Domain Admin Dude, where is my SPAM?

Domain Admin Dude, where is my SPAM?

In our previous post we discussed how users can get to their own SPAM quarantines but did you know that you as the domain administrator have access to EVERYONE’s junk mail?

ExchangeDefender Admin Portal features a SPAM Admin section where you can release ANY message caught by ExchangeDefender to ANY user in your organization.

The three icons next to the message are Release Message, Allow Sender, and Mark as reviewed. Releasing a message will get it to the end users mailbox while allow sender will create an Allow policy for that email address so it skips SPAM checks in the future.

Many organizations designate a SPAM Admin that is in charge of fishing out important messages, attachments, and other content that was blocked by an IT or corporate policy. If you have a lot of users that are not tech-savvy this feature will save you a ton of time.

I already have an Allow Policy and my mail from this sender is always ending up in Junk Mail!
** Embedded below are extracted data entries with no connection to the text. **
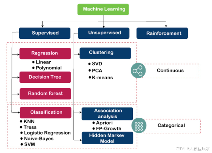 | 深度学习 | 2013年 ~ 2018年 | ImageNet,ResNet,Word2vec,Attention,Transformer | 十亿级标注数据 | 深度神经网络 + 开发框架(TensorFlow,PyTorch) |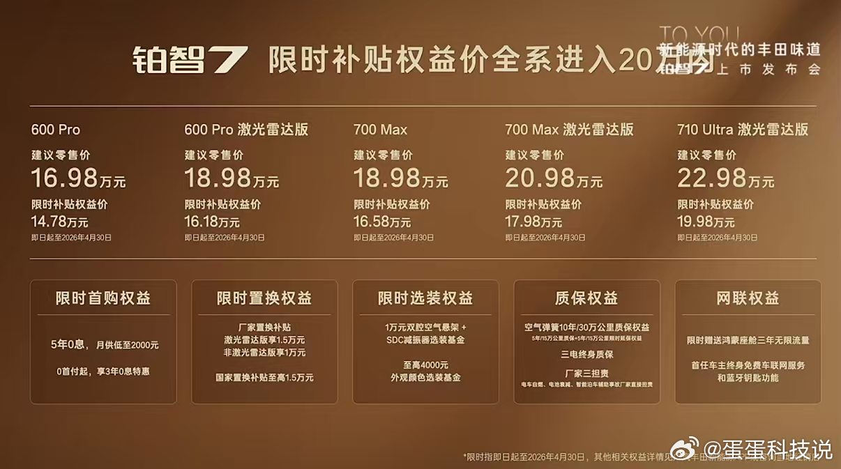 铂智7上市限时补贴权益价14.78万起 来啦!期待了好久的铂智7最终价格14.78w—19.98万元,比我想象的还要便宜。另外,铂智7还提供五年0息0首付的购车方案,这个价格可以说是打遍合资车无敌手了,20万内应有尽有,感觉新势力里头同级应该也没几个敢拼一拼的,铂智7这价格太狠了。丰田铂智7限时补贴权益全系20万内
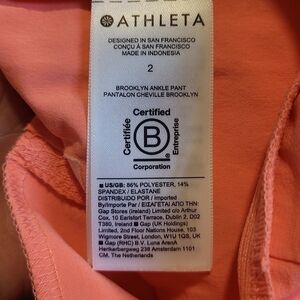 Athleta Brooklyn ankle pants in the color sunset glow coral, size 2. Features: Featherweight stretch, secure pockets in back, and wrinkle resistant. NWT, never been worn. No flaws.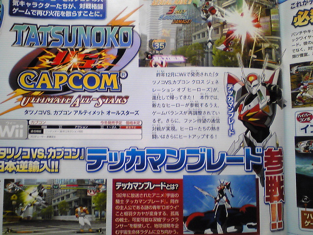 New characters from Tatsunoko vs. Capcom: Ultimate All-Stars were supposed to be unveiled at TGS, but one of those characters has already been announced in this week’s Famitsu. Tekkaman Blade (D-Boy), a star of an old anime show, will be making an appearance in the game. Now you may be wondering, why would Famitsu make this type of reveal? Well, Ultimate All-Stars (the localized version of Tatsunoko vs. Capcom for North America) will be heading to Japan and it’s confirmed to support online play. The title will be out this winter.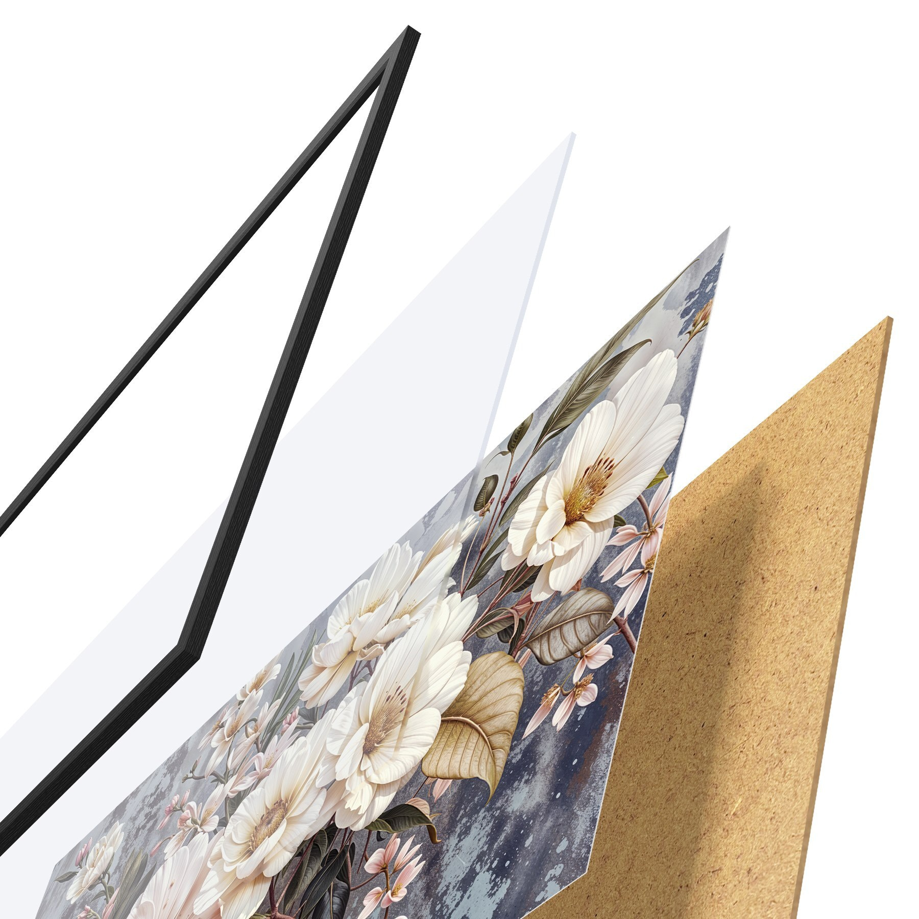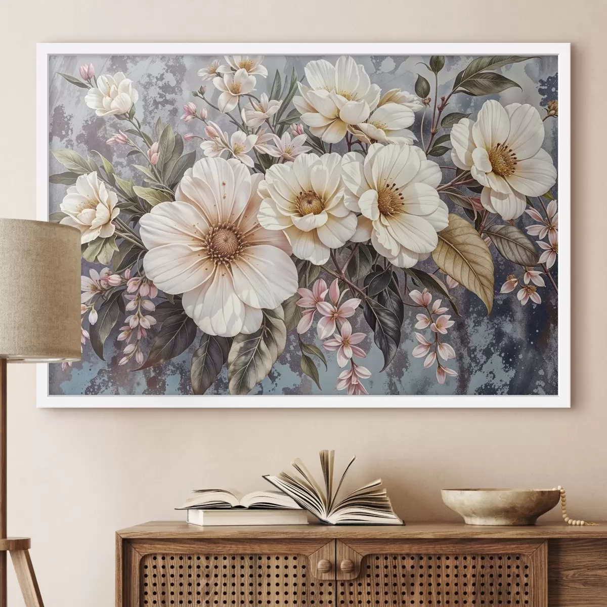 Poster Elavat värvi kimp suurte üksikasjalike valgete ja roosade daaliaõitega roheliste lehtedega tumedal taustal Nr f42227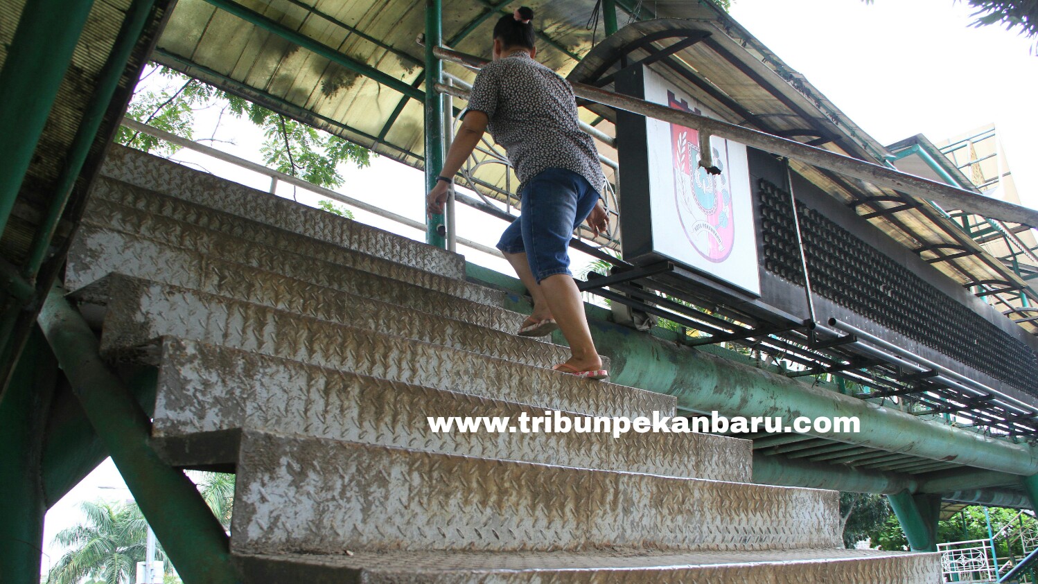TRIBUN PEKANBARU.COM - Warga sedang menaiki Jembatan Penyebrangan Orang (JPO) di Jalan Jenderal Sudirman yang kondisinya sangat memprihatinkan, Selasa (18/9/2018).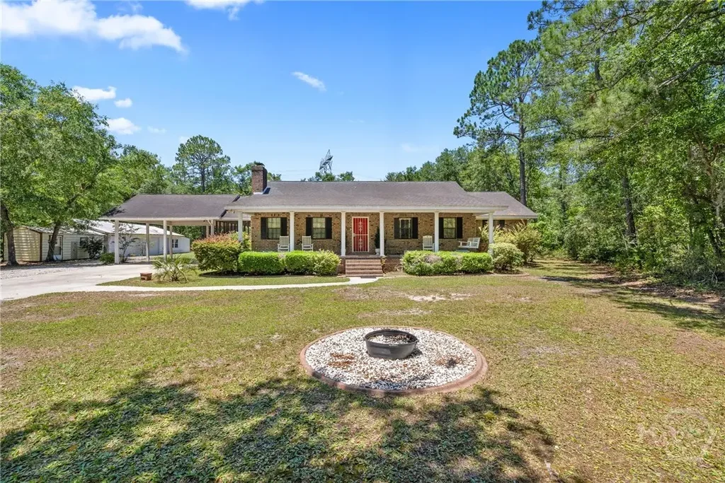 Welcome to your dream home in South Effingham! This beautiful full brick residence is nestled on 5 private acres, offering peace and tranquility just minutes from top-rated schools and only 15 minutes from Pooler or Rincon. Enjoy southern charm on the relaxing front porch, screened porch, and open back porch, perfect for entertaining or unwinding. Inside, a vaulted great room with a cozy gas log fireplace flows into the open kitchen featuring abundant wood cabinetry and a convenient eating bar. The spacious dining room is ideal for gatherings. The owner’s suite includes double vanities, a soaking tub, and a separate shower. Two additional guest bedrooms share a stylish double vanity bath. Outside, you’ll find a huge storage building, lush grapevines, and a picturesque gazebo. This property blends comfort, function, and country charm, don’t miss it!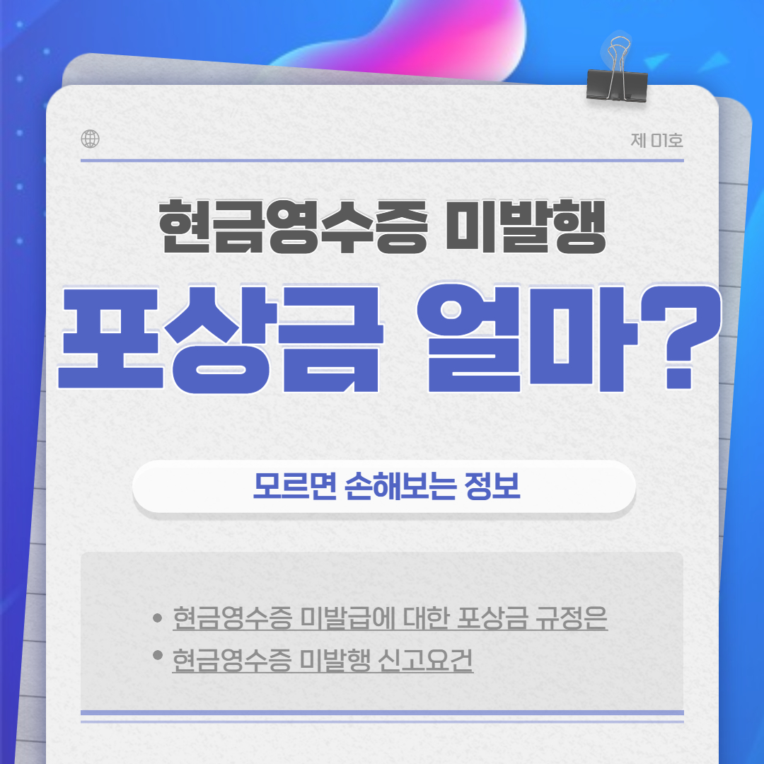 현금영수증을 미발급을통한 포상금은 5만 원 이하의 경우 1만 원 그이 상의 금액은 20% 금액이며 최대 50만 원 까지 포상금이 지급된다. 연간 200만 원을 한도로 포상금을 지급받을 수 있다. 같은 거래를 나누어서 신고하는 경우에는 합산하여 거래 1건당 포상금 한도액을 계산하며, 동일인에게 연간 지급할 수 있는 포상금 한도액은 신고일자를 기준으로 신고연도별로 계산한다.

ExchangeDefender Advanced Features can help you here as this problem is so common we’ve built an entire feature to help solve it. The issue is, most of the messages coming are from automated systems (password reminders, newsletters, appointment confirmations, etc) that are sent by a computer instead of someone’s Outlook or phone. They all rely on mass/bulk mail systems like Amazon SES, Sendgrid, etc and those networks use a fake email address to send a message every time (so they can track bounces). You can’t create an allow policy (whitelist) for those addresses as they change every time, so take a look at the Bulk Mailer Policy section:

Here you can tweak the policy applied to each bulk mailer network to accommodate your users. By default we scan each message from these networks for SPAM contents but depending on the problem you are trying to solve with SPAM you can change it to Block or Allow messages from that network.

I already did all that, seriously, where is my email?

Most of policy enforcement problems stem from not knowing which message the user is looking. As mentioned earlier, automated systems forge the email address they send mail from so the address you see in Outlook is not the actual email address. It’s tough to make policies or find the message when you don’t know the senders email address: ExchangeDefender Mail Log to the rescue:

As the Domain Admin you have access to all the email logs for your domains.  Click on Mail log and you’ll be able to search for the message based on time, date, subject, etc.

You can also scroll through the mail log. See the [Full address] below some senders? Those are the fake tracking email addresses we’re talking about. Generally you can create a domain-wide allow policy for the entire domain if you trust that the sender isn’t going to send malicious content (we’ll still check if any attachments are infected and apply your file/extension policy).

To sum it up

As an ExchangeDefender Domain admin you have powerful tools to locate SPAM, apply allow or block policies, and to scope them down to the bulk mailer network that is usually the #1 culprit. Go figure, nobody wants these messages and they sometimes get inadvertently reported as junk anyhow.

ExchangeDefender can save hours of going through transaction and message logs by presenting all of your messages in a user-friendly way where you can quickly release them to your user, create an allow policy so it doesn’t get intercepted again, and designate clients trusted partners/networks that should always go straight to their mailbox.